Para resolver el presente problema jurídico esta Sala analizará los siguientes temas: i) procedencia de la acción de tutela contra providencias judiciales, ii) requisitos generales de procedibilidad de la acción de tutela cuando se dirige contra providencias judiciales; procediendo posteriormente a iii) resolver el caso concreto, adentrándose en el fondo del asunto, siempre y cuando, se satisfagan los requisitos generales.

Procedencia de la acción de tutela contra providencias judiciales 36.Con ocasión de la acción de tutela instaurada por la señora Nery Germania Álvarez Bello, en un asunto que fue asumido por importancia jurídica por la Sala Plena[2], en sentencia de 31 de julio de 2012, consideró necesario admitir que debe acometerse el estudio de fondo de la acción de tutela cuando se esté en presencia de providencias judiciales – sin importar la instancia y el órgano que las profiera - que resulten violatorias de derechos fundamentales, observando al efecto los parámetros fijados hasta el momento jurisprudencialmente y los que en el futuro determine la ley y la propia doctrina judicial.

Requisitos generales de procedibilidad de la acción de tutela contra decisiones judiciales 37. Esta Sección adoptó[3] como parámetros a seguir los señalados en la sentencia C-590 de 8 de junio de 2005[4], proferida por la Corte Constitucional, sin perjuicio de los demás pronunciamientos que esta Corporación elabore sobre el tema. 38. Por lo anterior, y con el fin de hacer operante la nueva posición jurisprudencial, estableció como requisitos generales de procedibilidad de esta acción constitucional, cuando se dirige contra decisiones judiciales: i) la relevancia constitucional del asunto; ii) el uso de todos los medios de defensa judiciales salvo la existencia de un perjuicio irremediable; iii) el cumplimiento del principio de inmediatez; iv) la existencia de una irregularidad procesal con efecto decisivo en la providencia objeto de inconformidad; v) la identificación clara de los hechos causantes de la vulneración y su alegación en el proceso, y vi) que no se trate de tutela contra tutela. 39.

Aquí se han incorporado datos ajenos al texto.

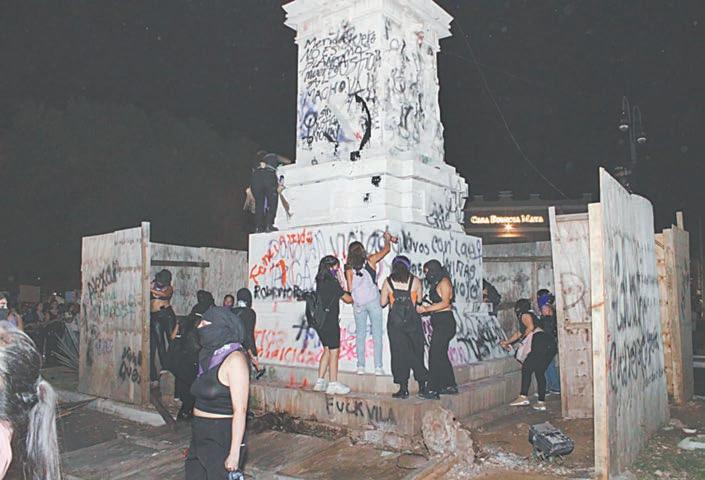 Otras participaron en pintas de monumentos, es decir, iconoclasia, en la que expresaron inconformidades sociales. También

De lo expuesto, la Sala advierte que, cuando el juez constitucional conoce una demanda impetrada en ejercicio de la acción de tutela y en la que se alega la vulneración de derechos fundamentales con ocasión de la expedición de una providencia judicial: en primer lugar, debe verificar la presencia de los requisitos generales y, en segundo término, le corresponde examinar si en el caso objeto de análisis se configura uno de los defectos especiales, permitiéndole de esta manera “dejar sin efecto o modular la decisión”[5] que encaje en dichos parámetros. 40.

Se trata, entonces, de una rigurosa y cuidadosa constatación de los presupuestos de procedibilidad, por cuanto resulta a todas luces necesario evitar que este instrumento excepcional se convierta en una manera de desconocer principios y valores constitucionales tales como los de cosa juzgada, debido proceso, seguridad jurídica e independencia judicial que gobiernan todo proceso jurisdiccional. 41.

El criterio expuesto fue reiterado en pronunciamiento de la Sala Plena de la Corporación, en sentencia de unificación de 5 de agosto de 2014[6]. Análisis del cumplimiento de los requisitos generales de procedibilidad de la acción de tutela en el caso concreto 42. La Sala estudiará la procedencia de la acción de tutela bajo la premisa del cumplimiento de los requisitos generales de procedibilidad de la acción de tutela contra providencias judiciales, dispuestos por la sentencia C-590 de 2005, proferida por la Corte Constitucional, en especial, el cumplimiento del requisito de la relevancia constitucional.

Acerca del requisito de la relevancia constitucional 43. Sobre este asunto en particular, la Sala Plena de lo Contencioso Administrativo del Consejo de Estado, en la citada Sentencia de Unificación de 5 de agosto de 2014[7], al referirse al requisito de relevancia constitucional, sostuvo lo siguiente: “[…] 3.3.5. Relevancia constitucional.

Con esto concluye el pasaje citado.